The United States is stepping up its efforts to help contain the Ebola outbreak in Liberia and the other affected countries in West Africa by increasing the number of personnel, emergency supplies, and funding to the region.
This week, the Ebola Disaster Assistance Response Team (DART) —which is overseeing the overall U.S. Ebola response efforts—will be airlifting more medical equipment such as infrared thermometers to the affected areas. The U.S. Government, through the DART, is also working with partners to transport chlorine and medical gloves into Liberia and airlift Personal Protective Equipment (PPE) from a USAID emergency warehouse in Dubai.
U.S. Centers for Disease Control and Prevention (CDC) disease-control experts are working closely with the Liberian government to strengthen the public health response. Activities include: bolstering surveillance systems at the national and county level; improving case detection, testing, and contract tracing; supporting rigorous infection control standards in treatment centers; and monitoring of incoming and departing passengers at Roberts International Airport.
A team of laboratory experts from CDC, the U.S. National Institutes of Health (NIH), and the U.S. Army Medical Research Institute for Infectious Diseases is working with the Liberian Institute for Biomedical Research (LIBR) to set up laboratories and train more laboratory workers to expand laboratory capacity to conduct more efficient and quicker Ebola testing.
This week, CDC, in partnership with NIH, shipped a mobile testing laboratory to Liberia to increase the number of specimens being tested for Ebola. CDC and LIBR are working to have the laboratory operational within a week.
Also, members of the DART have made several assessment trips and met with officials with the Liberian Ministry of Health and Social Welfare to determine how and where to expand the number of Ebola treatment centers in the country.
The U.S. Agency for International Development (USAID) is working with the U.N. World Health Organization (WHO) to provide 105,000 sets of PPE for healthcare workers and outbreak investigators in Liberia and other Ebola-affected countries.
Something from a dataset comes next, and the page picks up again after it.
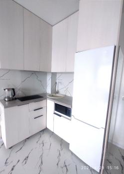 В квартире сделан евроремонт, что создаёт уютную атмосферу. Кухня площадью 10 кв. м оснащена всей необходимой мебелью и техникой, включая холодильник и стиральную машину. В комнате также есть мебель, а в ванной комнате установлена ванна. Совмещенный санузел обеспечивает комфортное использование пространства.

On August 5, USAID deployed the DART to Monrovia, Liberia and Conakry, Guinea to oversee the U.S. Government’s regional response to the Ebola outbreak in West Africa. On August 18, the DART announced it was sending additional staff to Sierra Leone to work with non-governmental organizations and U.N. agencies on the ground. Monrovia, Liberia will remain the regional hub for the U.S. government’s Ebola response activities. The DART now comprises 21 staff across various U.S. government agencies, including USAID, CDC, the U.S. Departments of Defense and Health and Human Services, and the U.S. Forest Service.
Since the Ebola outbreak was first reported in March 2014, the U.S. Government, through USAID, has committed more than $14.5 million to the response. This funding has been used to provide more technical experts, PPE, health supplies, field laboratories and diagnostic capacity, training, and public service messaging campaigns, among other things.
In the first two weeks of August, CDC increased its staff in the region and now has more than 50 disease-control experts in West Africa to battle Ebola. These experts are providing technical expertise to national public health agencies in the region to help prevent, detect, and stop the spread of Ebola.
In the early stages of the Ebola outbreak, the U.S. Defense Department’s Defense Threat Reduction Agency (DTRA), the office in charge of countering weapons of mass destruction, and the U.S. State Department also provided PPE to the Liberian government, including surgical gowns, sets of protective coveralls, boxes of protective gloves, and decontamination hand sprayers. The CDC and DTRA also sent in several teams of infectious disease experts to assist Liberian authorities to test Ebola specimens, track Ebola patients and their contacts, and to develop public awareness campaigns to try to stop the spread of the disease.